Whenever I tell people that I have never once consumed a bottle of beer in my entire life, I am met with shock and incredulity. It seems no one can fathom that I have never, ever pushed down a pint, funneled from a keg or even chased a shot of tequila with a Budweiser or a Corona or a Stella Artois. But I haven’t. I grew up in a household that was voluntarily void of alcohol and spirits (unless you include Maneschewitz, but I don’t) and I simply never developed a taste for beer. In fact, I rather loathe it. I also have a particular disdain for the taste of beer on anyone else. Which, as a teenager growing up in a suburb rife with raucous football parties, made for difficulties.
My parents were more the type that drank coffee, at least my mother was. Every morning she would put up a big pot and when it was brewed, she would pour herself a cup in her favorite Corning Ware mug. But it was the pot that she brewed her coffee in that captivated me. It too was of the Corning Ware brand, but this pot had three blue periwinkle flowers centered on the lower half of the front of the pot, and for some reason, I thought they were beautiful and magical and fascinating. It was my favorite thing in our kitchen.
My mother drank her coffee black. Back then, she smoked cigarettes and often her friends from the neighborhood would sit in our orange vinyl breakfast nook and talk. Or rather they would gossip. They would chat about who had recently bought a new car or a fur coat or who was taking a vacation or a mistress or some new pill that had just come on the market. At eight years old, I was fascinated with my mother’s girlfriends: to me, they were magnificently glamorous with their brightly painted nails and tightly pulled faces and billowing wisps of smoke, and I would sit in the kitchen, off by myself, and pretend I wasn’t listening when in fact I wasn’t missing a word.
One day, one of my mother’s friends, Daphne, the brassy and most confident woman in the group, invited me to join them in the breakfast nook. I was surprised by this overture and suddenly shy. But the women all urged me over and made a place for me at the table. Then they did the unthinkable: they poured me a cup of coffee. My mother objected, but the ladies insisted and compromised by filling the mug to the tippy top with milk. I hesitated for a moment before I took a sip, and as my mouth approached the now lukewarm liquid, I inhaled the pungent aroma and fantasized that I had a cigarette languidly hanging out of a fabulously manicured hand and a cute pair of black cat glasses perched on my nose. The minute I tasted the coffee I knew I was fooling myself, I knew even before I sipped it that I wouldn’t like the bitter, acidy taste. I grimaced and swallowed and the worst possible thing happened: the ladies all laughed. “Oh she doesn’t like it,” Daphne declared. “Oh give her some time!” my mother retorted. “Who likes coffee when they’re eight years old?”

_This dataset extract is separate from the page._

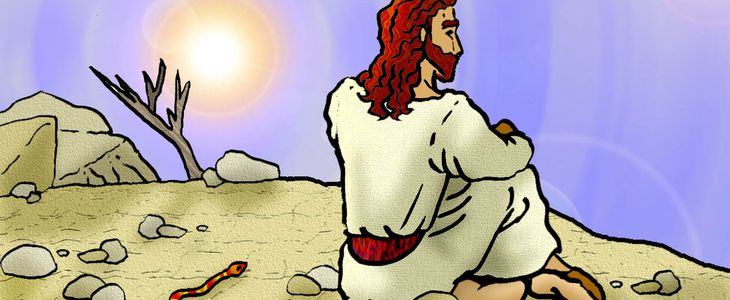 Después de su bautismo el Espíritu llevó a Jesús al desierto y allí ayunó durante cuarenta días y cuarenta noches. Jesús, con tan largo ayuno, sintió hambre y se le acercó Satánas y le dijo que convirtiese las piedras en pan. Pero Jesús le dijo: -No sólo se necesita el pan para vivir, también la Palabra de Dios. En otra ocasión el demonio puso a Jesús sobre las almenas del templo y le dijo: -Si eres el Hijo de Dios, tírate abajo, que no te pasara nada pues los ángeles cuidarán de ti. Pero Jesús respondió: -Está escrito No tentarás al Señor tu Dios. Por último el diablo mostró a Jesús todos los reinos de la Tierra y le dijo: -Póstrate ante mi y todo será tuyo Pero Jesús le dijo: -Vete Satanás, porque está escrito: Al Señor tu Dios sólo adorarás. El demonio lo dejó y los ángeles le sirvieron con amor.
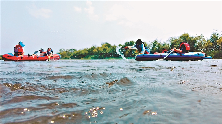 龙头山脚下、法别拉河上,地处“醉美331公路”沿线、占地面积4万平方米的龙头山寨,入夏以来吸引了大批游客,人们在19℃的青山绿水中畅享清凉。进入夏游模式后,上马厂镇西山后村龙头山寨景区客流量大幅增长,龙头山寨漂流经理姜浩然介绍,天气晴好的时候,每天人流量可达150多人,从上午九点半到下午四点,游客基本不断档。

It took a long time for me to develop a taste for coffee. Back in college, my friend Linda’s Spanish boyfriend Jorge was convinced that anyone that didn’t drink espresso was uncivilized, and desperate to impress him, Linda and I joined him in a little café to become acquainted with this heady nectar. We both had teeny tiny cups perched in front of us; and at that moment I was convinced that this was tangible evidence of our maturity. I was also optimistic and convinced that what looked like nothing more than two tablespoons of liquid couldn’t possibly distress me too much. But alas, even after adding four packets of sugar, I was incapacitated. The two sips ended up looking like two liters and it took me two hours to finish it off.
I finally fell in love with coffee when I fell in love with Oscar. Oscar was British and beautiful and taught me two things: how to smoke and how to drink coffee. He liked his coffee light and sweet; initially I found it palatable but then began to crave it, and him, more and more. My love affair with coffee AND with love flourished in earnest.
These days I still put sugar in my coffee, but now I prefer it over ice. My mornings mostly start the same way, with a iced grande skim latte and an ultra-light cigarette, and as I slip on my black cat-like glasses I wonder how much I have been shaped by my family and my friends and my partners and their tastes. I think our lives are made up of these bits and pieces of our shared experiences and the rituals and habits we seek and feed not only signal our affiliations, they also help us define who we are, both to ourselves and to each other.
This is so lovely Debbie! I have to say that I'm a creature of ritual as well, and more often than not it's my mother's rituals that I discover I've adopted. Even when I protest and say I'm nothing like her, it still makes me feel warm inside when I am having my first morning cigarette or putting a carefully folded hand towel by the basin in the bathroom for guests!